# EXERCISE REQUIREMENTS
Gather each line of the entries below that includes "Leser".

# ENTRIES SUPPLIED
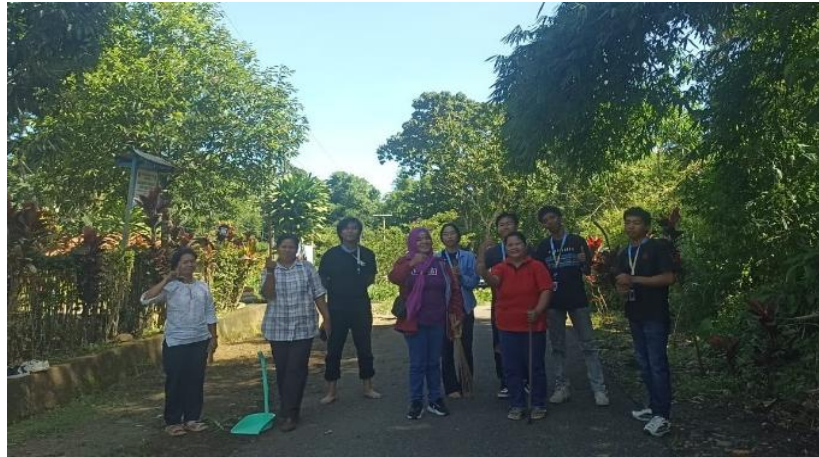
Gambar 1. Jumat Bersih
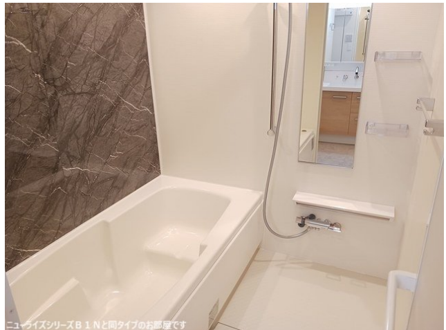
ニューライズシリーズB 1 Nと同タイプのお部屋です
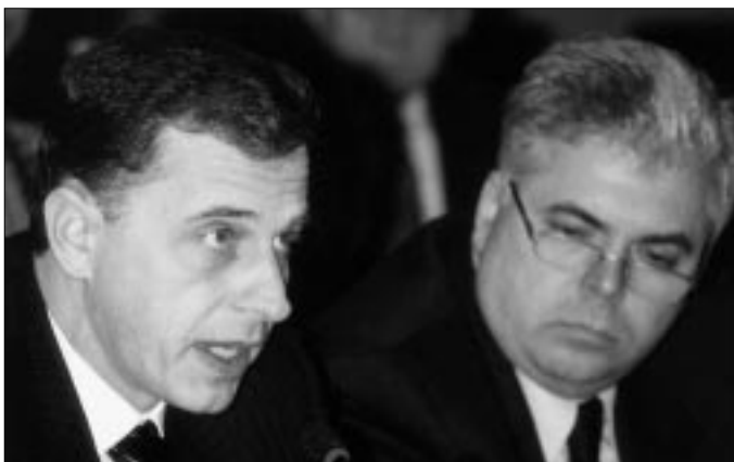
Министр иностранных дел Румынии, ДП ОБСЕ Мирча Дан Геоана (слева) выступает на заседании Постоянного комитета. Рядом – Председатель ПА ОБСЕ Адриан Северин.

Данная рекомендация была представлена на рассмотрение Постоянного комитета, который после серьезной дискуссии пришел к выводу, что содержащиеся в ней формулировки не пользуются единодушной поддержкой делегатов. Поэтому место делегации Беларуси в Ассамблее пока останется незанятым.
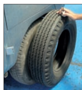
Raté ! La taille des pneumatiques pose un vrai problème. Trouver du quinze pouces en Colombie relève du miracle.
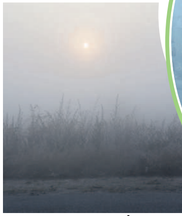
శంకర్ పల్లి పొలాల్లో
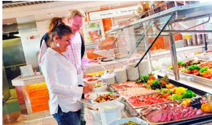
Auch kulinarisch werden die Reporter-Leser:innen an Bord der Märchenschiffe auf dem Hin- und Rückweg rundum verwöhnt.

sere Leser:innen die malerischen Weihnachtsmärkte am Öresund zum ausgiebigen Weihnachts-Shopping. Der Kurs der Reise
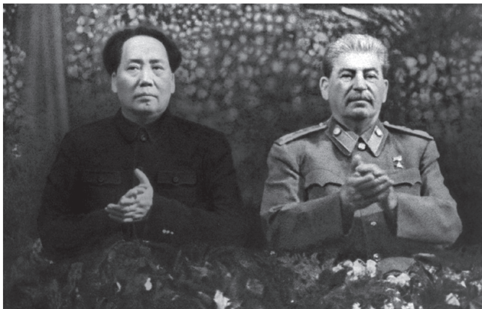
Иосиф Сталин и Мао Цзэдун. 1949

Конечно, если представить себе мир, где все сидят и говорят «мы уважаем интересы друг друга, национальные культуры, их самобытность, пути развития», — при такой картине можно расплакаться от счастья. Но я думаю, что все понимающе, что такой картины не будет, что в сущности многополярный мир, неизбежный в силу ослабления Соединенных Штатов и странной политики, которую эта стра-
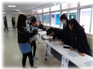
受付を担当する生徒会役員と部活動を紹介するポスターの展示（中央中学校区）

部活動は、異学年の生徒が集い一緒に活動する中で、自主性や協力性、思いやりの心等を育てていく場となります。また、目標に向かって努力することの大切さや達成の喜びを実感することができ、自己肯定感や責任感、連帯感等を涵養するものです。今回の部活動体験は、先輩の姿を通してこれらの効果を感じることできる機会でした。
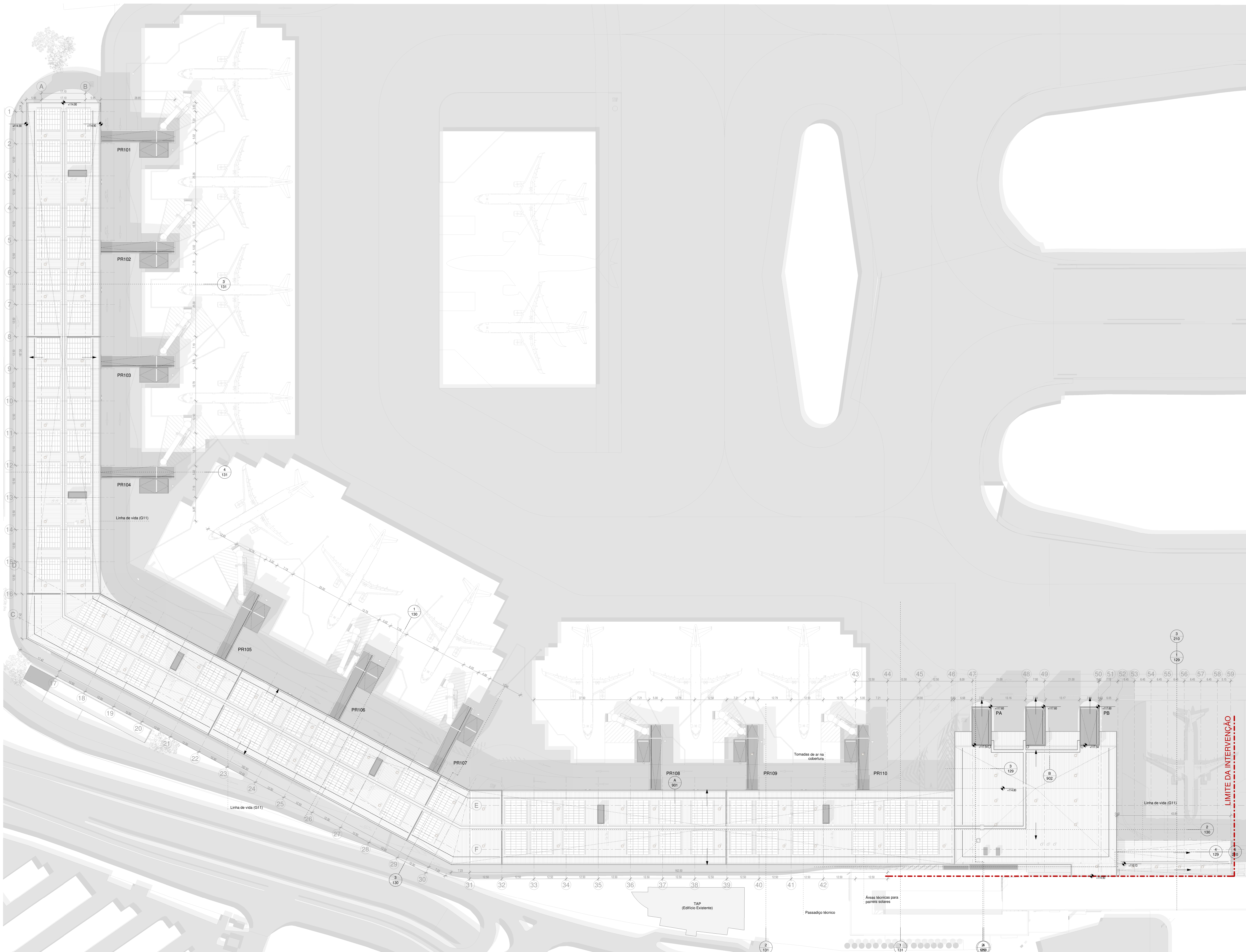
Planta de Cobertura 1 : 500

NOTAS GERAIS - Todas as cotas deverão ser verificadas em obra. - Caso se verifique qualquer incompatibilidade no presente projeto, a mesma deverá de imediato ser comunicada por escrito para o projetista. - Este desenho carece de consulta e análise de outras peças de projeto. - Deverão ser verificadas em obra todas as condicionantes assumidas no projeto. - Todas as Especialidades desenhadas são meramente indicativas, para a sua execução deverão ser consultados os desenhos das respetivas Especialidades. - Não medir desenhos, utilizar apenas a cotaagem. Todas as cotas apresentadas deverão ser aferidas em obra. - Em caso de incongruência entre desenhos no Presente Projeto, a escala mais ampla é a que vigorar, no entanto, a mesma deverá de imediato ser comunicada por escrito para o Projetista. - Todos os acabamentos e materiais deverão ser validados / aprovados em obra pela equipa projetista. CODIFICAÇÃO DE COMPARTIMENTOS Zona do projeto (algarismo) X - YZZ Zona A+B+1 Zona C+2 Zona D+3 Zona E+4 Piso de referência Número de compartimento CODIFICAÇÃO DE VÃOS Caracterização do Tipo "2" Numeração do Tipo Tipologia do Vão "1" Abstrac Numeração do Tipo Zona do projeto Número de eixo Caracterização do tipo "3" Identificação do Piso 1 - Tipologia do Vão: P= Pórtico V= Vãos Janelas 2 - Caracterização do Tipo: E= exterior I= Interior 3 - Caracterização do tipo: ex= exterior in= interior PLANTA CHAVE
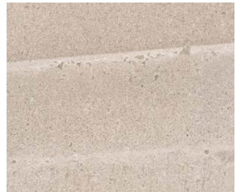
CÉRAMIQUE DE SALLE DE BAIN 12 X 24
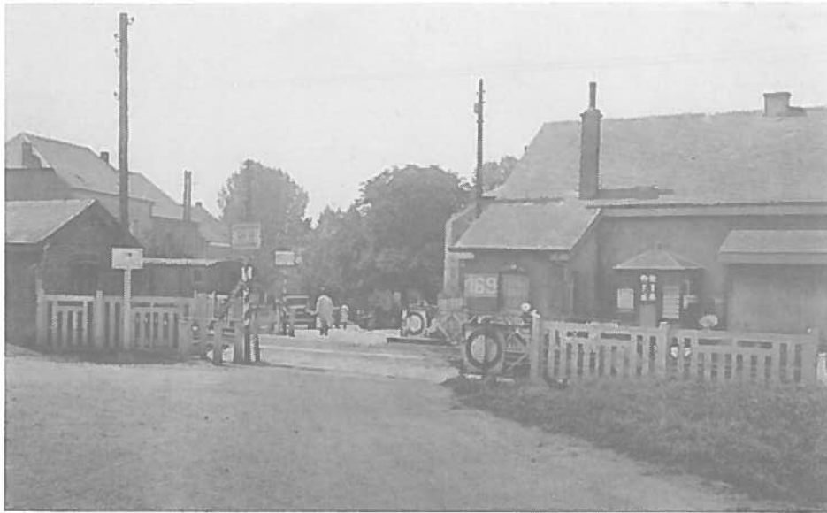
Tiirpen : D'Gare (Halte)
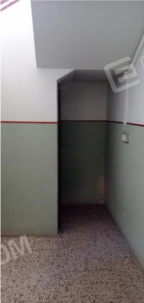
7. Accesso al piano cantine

# OUTPUT OF THE EXERCISE
Auch kulinarisch werden die Reporter-Leser:innen an Bord der Märchenschiffe auf dem Hin- und Rückweg rundum verwöhnt.
sere Leser:innen die malerischen Weihnachtsmärkte am Öresund zum ausgiebigen Weihnachts-Shopping. Der Kurs der Reise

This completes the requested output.